─── Records shown
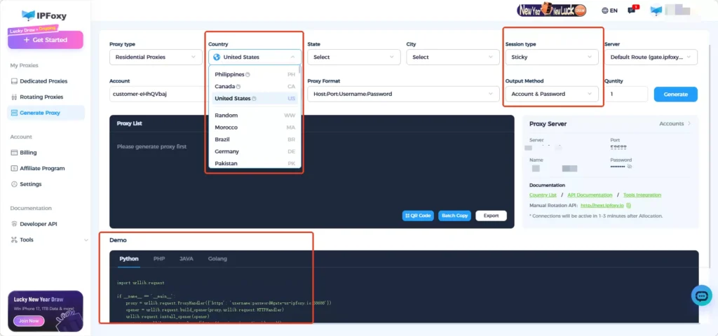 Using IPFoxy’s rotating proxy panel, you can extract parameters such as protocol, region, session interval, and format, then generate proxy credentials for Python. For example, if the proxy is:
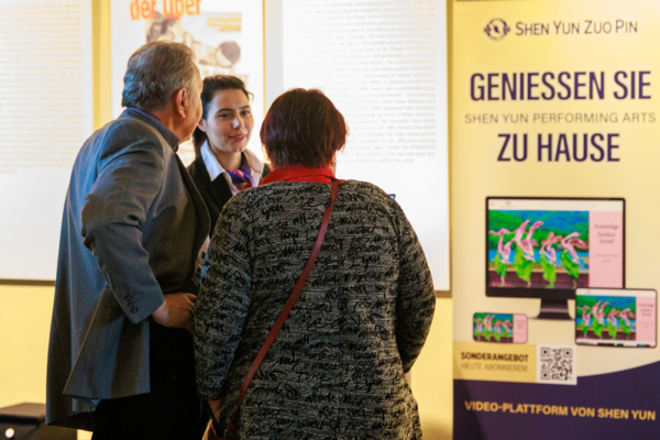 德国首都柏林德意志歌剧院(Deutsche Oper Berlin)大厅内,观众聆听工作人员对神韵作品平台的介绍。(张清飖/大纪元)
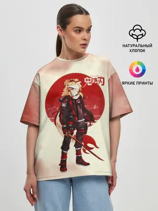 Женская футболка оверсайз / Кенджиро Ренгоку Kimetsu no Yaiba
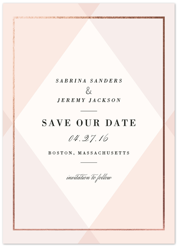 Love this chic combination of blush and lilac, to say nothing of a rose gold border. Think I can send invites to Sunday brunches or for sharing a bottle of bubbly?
──────
─── Records shown
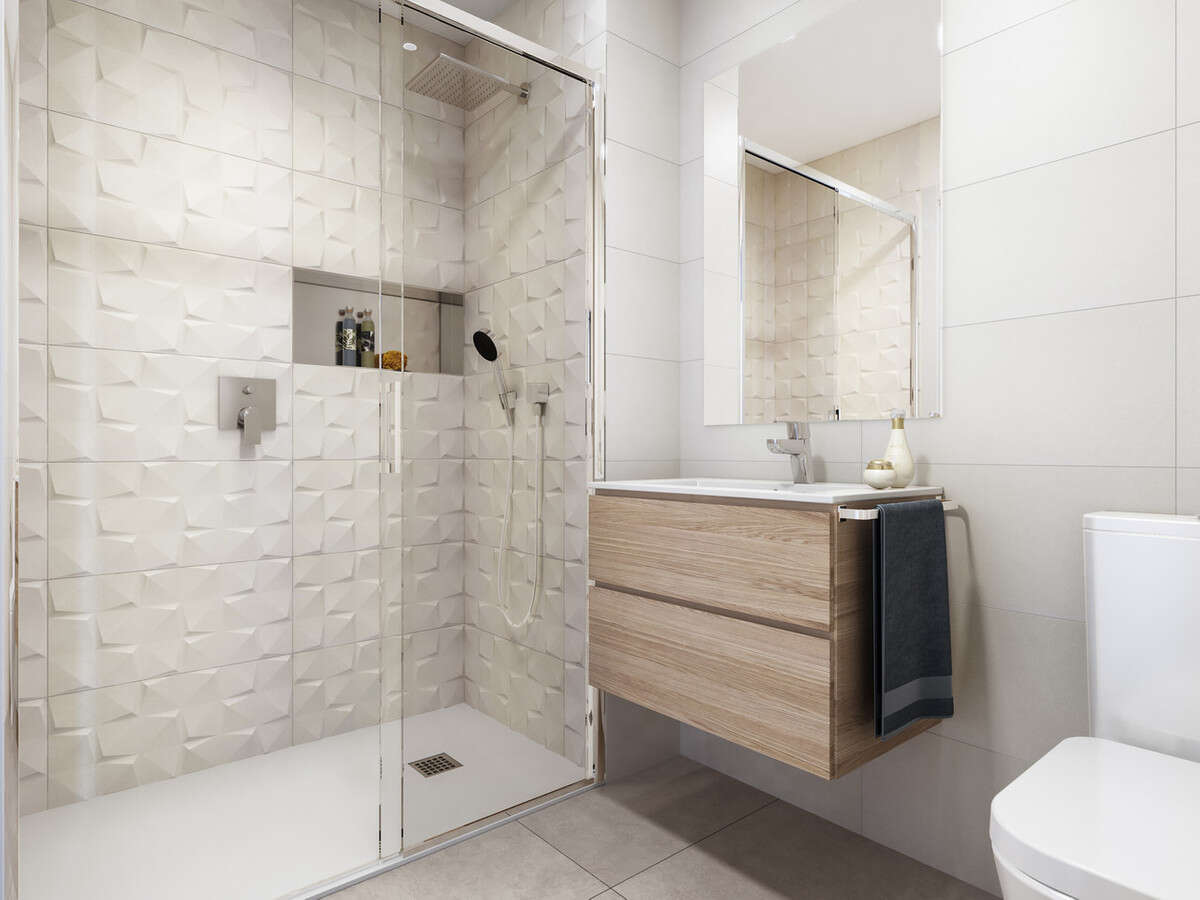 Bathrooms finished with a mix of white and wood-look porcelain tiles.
──────
§ **Directions**
Within the listing above, the lines starting at the one containing "Using IPFoxy’s rotating" and ending at the one containing "Love this chic" are to be returned exactly. Omit the pictures.

§ **Final answer**
 Using IPFoxy’s rotating proxy panel, you can extract parameters such as protocol, region, session interval, and format, then generate proxy credentials for Python. For example, if the proxy is:
 德国首都柏林德意志歌剧院(Deutsche Oper Berlin)大厅内,观众聆听工作人员对神韵作品平台的介绍。(张清飖/大纪元)
 Женская футболка оверсайз / Кенджиро Ренгоку Kimetsu no Yaiba
 Love this chic combination of blush and lilac, to say nothing of a rose gold border. Think I can send invites to Sunday brunches or for sharing a bottle of bubbly?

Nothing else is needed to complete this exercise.